Another plus: Tent markets can be sized to fit the needs and preferences of almost any community anywhere. “They’re very flexible and scalable,” Wambles says.

There are several permanent markets in Alabama, and they represent some of the state’s most enduring – spots like Montgomery’s Curb Market and the oldest running market, the Alabama Farmer’s Market in Birmingham, founded in 1921 and operating in its current location since 1956.

Supporting local people

But no matter how they’re set up, it’s obvious that the popularity of farmers markets has been and still is on the rise. That’s great news for market newbies like Eric Bern. The chef turned farmer left the heat of commercial kitchens for sunny days in his China Grove, Ala., fields in 2013 and founded his Bearded Pickle Company in 2016.

He sells most of his fresh produce to restaurants, but turns some of it into lip-puckering pickles, fiery hot sauce, spicy-sweet strawberry jelly, caramelized onion-fig jam with bacon and more.
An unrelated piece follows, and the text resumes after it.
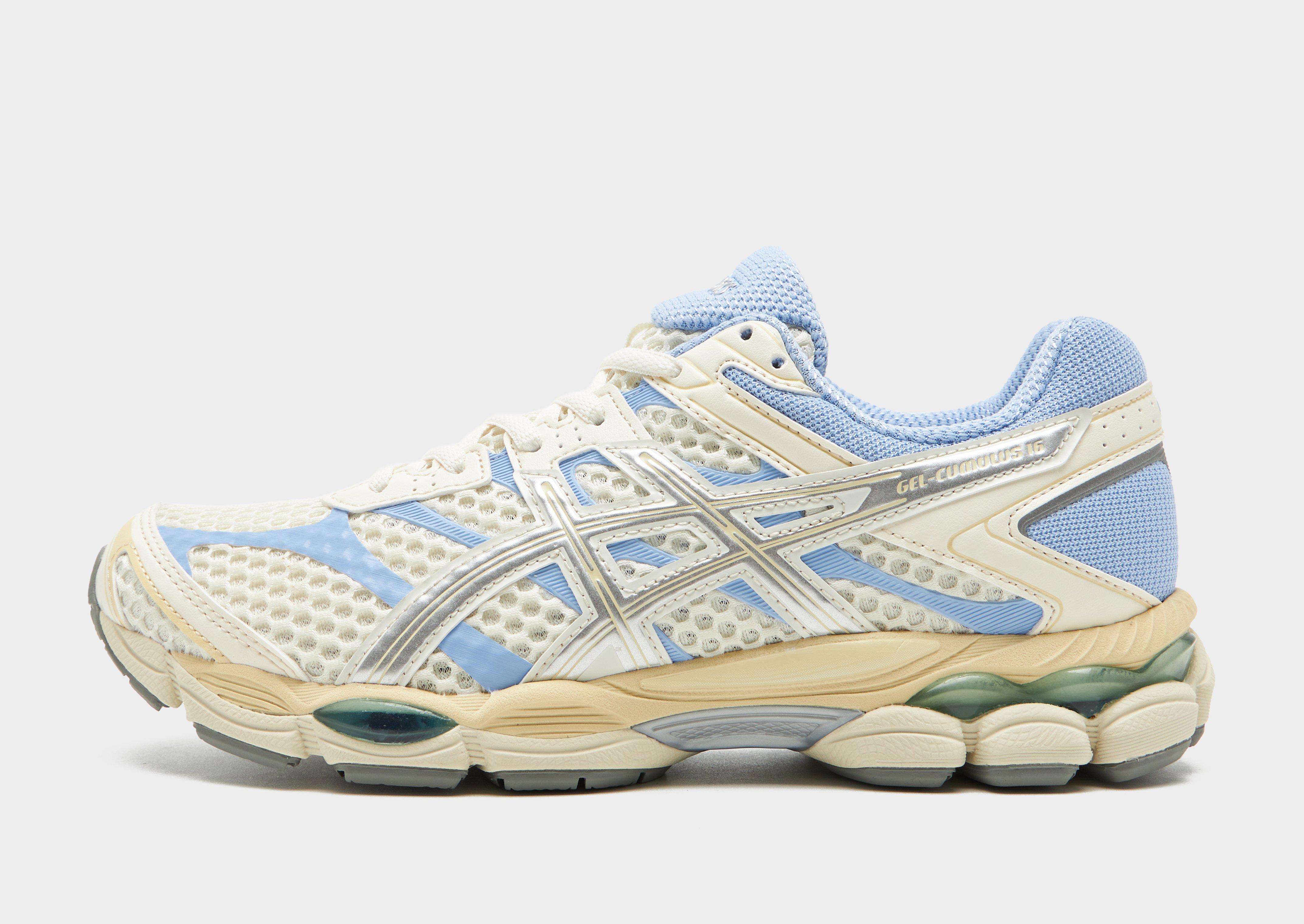 Lace up in tech-style with these women's GEL-CUMULUS 16 shoes from ASICS. In a Cream colourway with Blue details, these low-profile sneakers have glossy synthetic leather overlays, no-sew panelling, and open mesh underlays for a supportive feel. Underfoot features a foam midsole paired with GEL technology for enhanced cushioning and a rubber outsole for superior traction. Signed off with ASICS branding throughout.

He sells these treats at The Shoppes at EastChase Farmers Market in Montgomery every summer and fall, where he sees thousands of people each week.

He offered his take on why they keep coming. “All of the produce at any farmers market is just so, so fresh,” he says. “It was probably picked yesterday or even that very morning. And most products there, like mine, are small-batch and homemade with a lot of care and love.”
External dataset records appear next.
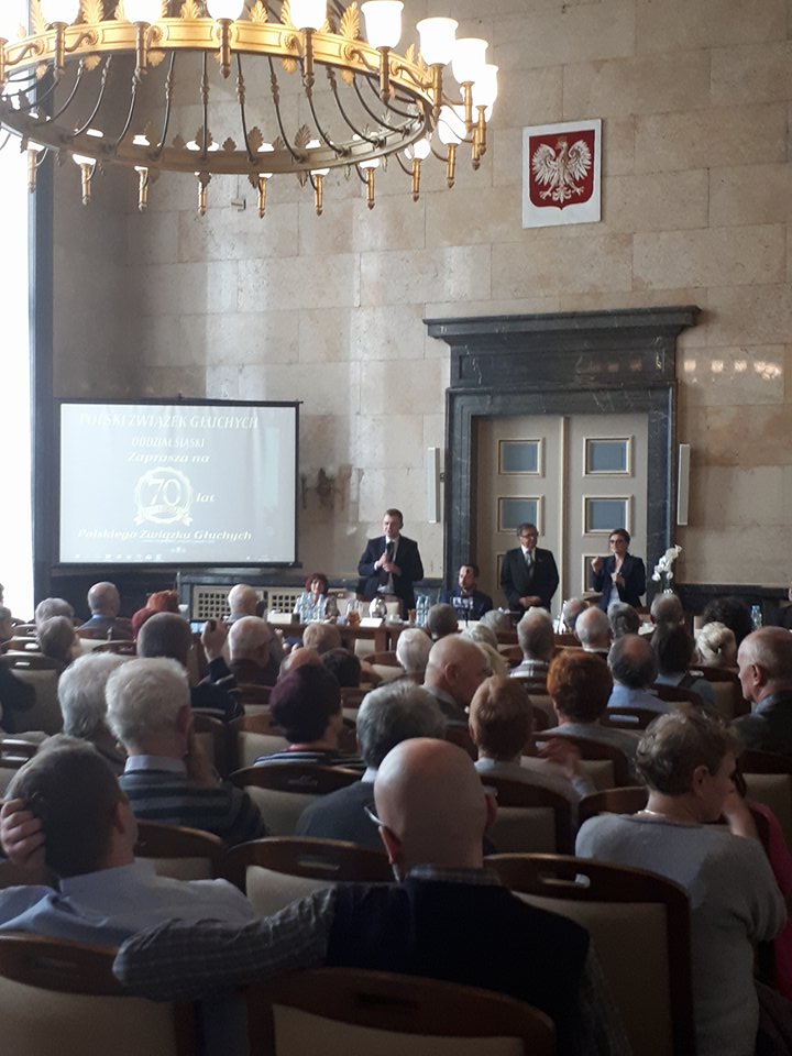 Stowarzyszenie PZG Oddział Śląski w tym roku obchodzi 70-tą rocznicę działalności. Z tej okazji 4 października odbyła się oficjalna Gala, nad którą patronat objął Marszałek Województwa Śląskiego. Uroczystość miała miejsce w Sali Marmurowej Gmachu Sejmu Śląskiego. W Gali wzięło udział 99 członków zrzeszonych w stowarzyszeniu oraz zaproszeni goście. Wśród obecnych gości znaleźli się Dyrektor Oddziału Śląskiego PFRON Jan Wroński, Prezes Zarządu Głównego Polskiego Związku Głuchych w Warszawie Krzysztof Kotyniewicz, Dyrektor Ośrodka Szkolno-Wychowawczego dla Niesłyszących i Słabo Słyszących w Raciborzu Agata Tańska, Dyrektor Zespołu Szkolno-Przedszkolnego dla Dzieci Niesłyszących i Słabo Słyszących w Katowicach Aleksandra Doktorowicz.
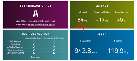 Kablonet 1000 megabit Bufferbloat çok yüksek çıkıyor
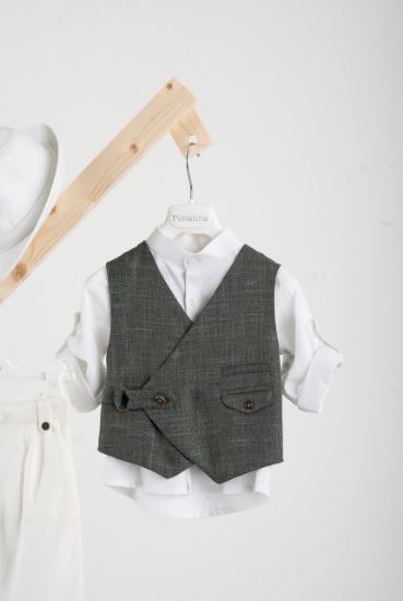 Βαπτιστικό κοστούμι Piccolino Jose σε χρώμα White. Περιλαμβάνει σταυρωτό λινό γιλέκο με διακοσμητικά μεταλικά κουμπια και ιμάντα με D δέσιμο, πουκάμισο mao λινό, παντελόνι λινό βράκα με πιέτες με διακοσμητικό κρεμαστό με χάντρες σε χρώμα white, φουλάρι και καπέλο με φάσα. Διαθέσιμο σε 4 μεγέθη 6-12, 12-18, 18-24, 24-36 (εξτρά χρέωση)

And while the flavorful foods for sale are certainly major draws, the allure doesn’t stop there. “You’re supporting local people and keeping money in your community,” Bern says. “You get to meet the farmer. You can ask questions about his growing methods, get tips for your home garden, and sometimes, you can sample before you buy.”

Wambles believes the overall experience attracts many market shoppers. “You can build a relationship with a food provider where you learn their challenges,” he says. “That gives you a true appreciation of the labor that goes into feeding you. It’s social too. You chat with other folks. It’s fun for kids, so a great family activity and a way to get children interested in eating healthy and trying new things.”
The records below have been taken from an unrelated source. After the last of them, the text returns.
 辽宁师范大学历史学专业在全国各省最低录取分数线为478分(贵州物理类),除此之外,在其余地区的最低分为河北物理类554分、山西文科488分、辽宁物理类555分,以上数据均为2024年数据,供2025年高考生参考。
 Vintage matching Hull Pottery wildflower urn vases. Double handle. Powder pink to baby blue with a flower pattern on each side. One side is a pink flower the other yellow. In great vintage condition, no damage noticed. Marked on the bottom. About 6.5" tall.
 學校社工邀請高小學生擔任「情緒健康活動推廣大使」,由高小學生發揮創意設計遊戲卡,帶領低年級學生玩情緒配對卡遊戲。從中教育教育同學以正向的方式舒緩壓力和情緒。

The sense of community is as rewarding for many of the farmers as it is the shoppers. “I love talking to the customers,” Bern says. “I get to meet new people every time, but I also love repeat clients telling me how great my product is, or even offering some constructive criticism.”

He enjoys time with his fellow farmers too. “I like hearing their stories, how they got started,” he said. “We can swap advice.”

The multiple, immediate benefits of thriving local farmers markets for both farmers and consumers are clear, but they are also crucial components of a sustainable local food system. If we don’t support our farmers now, who’ll grow our food – and how will they grow it – in the future?


Farmers markets or produce stands? What’s the difference?

When Don Wambles, director of Alabama’s Farmers Market Authority, talks about farmers markets, he’s using this definition: A public place where several farmers gather several times a week to sell their goods.

Farm stands (a spot where one farmer sells only his produce) and produce stands (permanent spots that sell a variety of produce and are usually open year round) are different.

There are approximately 250 farm stands in the state, a number that has grown alongside the growth in farmers markets (and is not included in Wambles’ market numbers).

And produce stands are scattered all over too, places like Durbin Farms in Clanton and SweetCreek in Pike Road. While they’re not under the “official” farmers market umbrella, they pursue many of the same goals and offer many of the same advantages.

“We love those places, too,” Wambles says. “And we try to help them connect with local farmers so they can always have fresh, seasonal, local produce to sell.”


Find your farmers market

Visit fma.alabama.gov to find a full list of farmers markets across the state listed by county. And remember: Many Alabama farmers markets are hawking far more than fruits and veggies. Look for homemade jellies, relishes and baked goods, raw honey, organic meats, handmade soaps and more.